Large ARFs increase renaming cost

Article: ARM Goes 64-bit
By: Paul A. Clayton (paaronclayton.delete@this.gmail.com), November 17, 2012 9:23 pm
Room: Moderated Discussions
name99 (name99.delete@this.redheron.com) on November 17, 2012 6:37 pm wrote:
[snip]
> Let's answer slightly differently.
> If you have a modern type of CPU (OoO, superscalar, prediction, all that good stuff) then there is a distinction
> between the number of PHYSICAL registers and the number of ARCHITECTED (ie expressible in assembly language)
> registers. The number of physical registers is going to be determined by how aggressively OoO you want your CPU
> to be, and it is the number of physical registers that determines power, area, cycle times and so on.
>
> Given this, the number of architected registers is essentially free. Going from 16 to 32 costs you
> an extra bit in each register specification (so 3 bits in most instructions) and that's it. If there
> is any advantage to increasing the number of architected registers, you might as well do so.

In an OoO implementation, one will also have a renaming table in the front end (and often one for commit as well, but that table has lesser requirements). Increasing the size of this table will increase power use and may complicate pipelining.

In addition, with a large number of architectural registers (with an implicit flat organization) many registers may be relatively idle but consume the same static power and increase the area of the register file (and so the latency and power of all register accesses).
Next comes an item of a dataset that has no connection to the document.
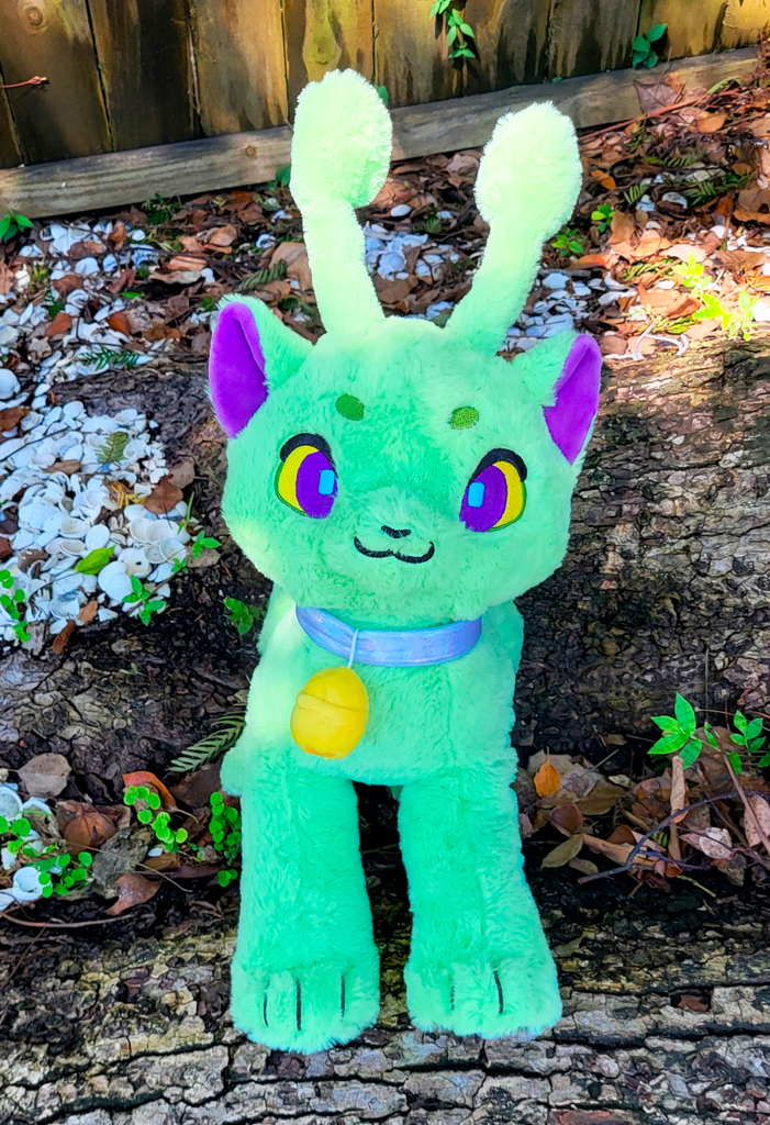There is nothing to fear once you have a companion like Void the Cosmic Kitten. With eyes that glow in the dark, 18" of shadowy softness, and a cool, collected personality, she is always there to watch over you at night, and chase off the pesky monsters under your bed.

Scalability of an ISA is also important. A large (flat) architectural register file will be less friendly to smaller implementations. (Such will also be less friendly to multithreading.) A 64 GPR ISA would require 33% more physical registers for GPRs than a 32 GPR ISA with 64 rename registers (which could satisfy an 80 instruction window in many cases). (There are also techniques to reduce the number of physical rename register required which do not apply as much or at all to architectural registers, e.g., virtual physical registers.)

> A second way to think about this is in terms of this as a "power" feature, like vector instructions, that will
> be used by people who know what they are doing, and not otherwise. For example: people who know what they are
> doing, on entry to a function, IMMEDIATELY load into a local (ie register) variable all globals that will be
> accessed, along with everything that will be used through a pointer. They do all their calculation in the local
> variables, then store everything on exit from the function. This style of coding requires a lot more registers
> to work with, but is also faster. (It's faster because it gets load latency off the critical path, and because
> it doesn't waste cycles doing things the compiler thinks might be necessary --- writing back globals, writing
> back instance variables --- but which you know are not, every time they are changed.)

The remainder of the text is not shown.